Another criticism that has been made is that Markov models of language, including n-gram models, do not explicitly capture the performance/competence distinction. This is because n-gram models are not designed to model linguistic knowledge as such, and make no claims to being (even potentially) complete models of linguistic knowledge; instead, they are used in practical applications.

In practice, n-gram models have been shown to be extremely effective in modeling language data, which is a core component in modern statistical language applications.

Most modern applications that rely on n-gram based models, such as machine translation applications, do not rely exclusively on such models; instead, they typically also incorporate Bayesian inference. Modern statistical models are typically made up of two parts, a prior distribution describing the inherent likelihood of a possible result and a likelihood function used to assess the compatibility of a possible result with observed data. When a language model is used, it is used as part of the prior distribution (e.g. to gauge the inherent "goodness" of a possible translation), and even then it is often not the only component in this distribution.

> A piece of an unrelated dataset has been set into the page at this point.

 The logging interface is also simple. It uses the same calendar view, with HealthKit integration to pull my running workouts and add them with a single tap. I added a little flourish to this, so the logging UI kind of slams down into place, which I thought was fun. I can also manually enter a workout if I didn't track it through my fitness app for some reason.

Handcrafted features of various sorts are also used, for example variables that represent the position of a word in a sentence or the general topic of discourse. In addition, features based on the structure of the potential result, such as syntactic considerations, are often used. Such features are also used as part of the likelihood function, which makes use of the observed data. Conventional linguistic theory can be incorporated in these features (although in practice, it is rare that features specific to generative or other particular theories of grammar are incorporated, as computational linguists tend to be "agnostic" towards individual theories of grammar^{[citation needed]}).

Out-of-vocabulary words

Main article: Statistical machine translation

An issue when using n-gram language models are out-of-vocabulary (OOV) words. They are encountered in computational linguistics and natural language processing when the input includes words which were not present in a system's dictionary or database during its preparation. By default, when a language model is estimated, the entire observed vocabulary is used. In some cases, it may be necessary to estimate the language model with a specific fixed vocabulary. In such a scenario, the n-grams in the corpus that contain an out-of-vocabulary word are ignored. The n-gram probabilities are smoothed over all the words in the vocabulary even if they were not observed.^[7]

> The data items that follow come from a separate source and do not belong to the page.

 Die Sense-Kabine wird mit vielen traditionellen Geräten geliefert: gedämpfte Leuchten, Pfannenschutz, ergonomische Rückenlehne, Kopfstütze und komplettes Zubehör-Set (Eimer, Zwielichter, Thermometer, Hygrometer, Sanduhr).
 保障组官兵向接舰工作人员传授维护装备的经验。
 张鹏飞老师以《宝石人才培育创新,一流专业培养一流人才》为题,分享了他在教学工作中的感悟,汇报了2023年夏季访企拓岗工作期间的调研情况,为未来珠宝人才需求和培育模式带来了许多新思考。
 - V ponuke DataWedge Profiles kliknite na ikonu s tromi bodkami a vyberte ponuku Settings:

Nonetheless, it is essential in some cases to explicitly model the probability of out-of-vocabulary words by introducing a special token (e.g. <unk>) into the vocabulary. Out-of-vocabulary words in the corpus are effectively replaced with this special <unk> token before n-grams counts are cumulated. With this option, it is possible to estimate the transition probabilities of n-grams involving out-of-vocabulary words.^[8]

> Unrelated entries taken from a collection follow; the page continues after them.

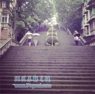 重邮的天梯共115级,两边都是宿舍,女生宿舍位于顶端,这意味着他们每天都要跟天梯打交道。“夺命天梯”是重邮学子的叫法,指的是重邮一个着名的连续长石梯,要减肥的重邮妹子,申请一间山顶宿舍保准成功。重邮学子说,爬过夺命天梯,其他的梯坎都是浮云。
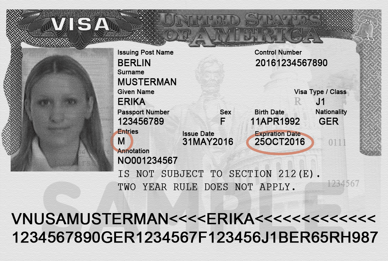 - Entries. Under this heading, there will either be the number “1” or the letter “M.” If your visa has the number “1,” it is a Single Entry Visa. This means you can only enter the United States one time on this visa. If your visa has the letter “M,” it is a Multiple Entry Visa and it allows you to enter the U.S. several times. You could, for example, go to Canada during a weekend off and re-enter the United States. You should not plan on leaving and re-entering the United States during the 30-day travel period.
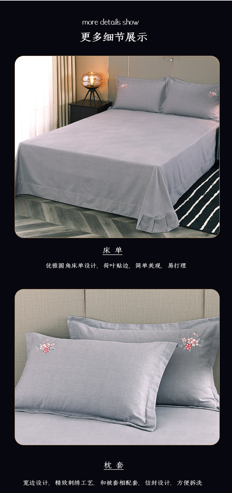 商品名称:浩情国际婚庆供货中心 2026四季新品120S全棉斜纹加厚磨毛高端刺绣四件套 浪漫樱花-高级灰

n-grams for approximate matching

Main article: Approximate string matching

n-grams can also be used for efficient approximate matching. By converting a sequence of items to a set of n-grams, it can be embedded in a vector space, thus allowing the sequence to be compared to other sequences in an efficient manner. For example, if we convert strings with only letters in the English alphabet into single character 3-grams, we get a 26 3 {\displaystyle 26^{3}} -dimensional space (the first dimension measures the number of occurrences of "aaa", the second "aab", and so forth for all possible combinations of three letters). Using this representation, we lose information about the string. For example, both the strings "abc" and "bca" give rise to exactly the same 2-gram "bc" (although {"ab", "bc"} is clearly not the same as {"bc", "ca"}). However, we know empirically that if two strings of real text have a similar vector representation (as measured by cosine distance) then they are likely to be similar. Other metrics have also been applied to vectors of n-grams with varying, sometimes better, results. For example, z-scores have been used to compare documents by examining how many standard deviations each n-gram differs from its mean occurrence in a large collection, or text corpus, of documents (which form the "background" vector). In the event of small counts, the g-score (also known as g-test) may give better results for comparing alternative models.

Another method for approximate matching is signature files. The study reported in ^[9] shows that a bit-sliced signature file can be compressed to a smaller size than an inverted file which is the standard way of implementing a vector space approach. With a signature width less than half the number of unique n-grams, the signature file method is about as fast as the inverted file method, and significantly smaller.

It is also possible to take a more principled approach to the statistics of n-grams, modeling similarity as the likelihood that two strings came from the same source directly in terms of a problem in Bayesian inference.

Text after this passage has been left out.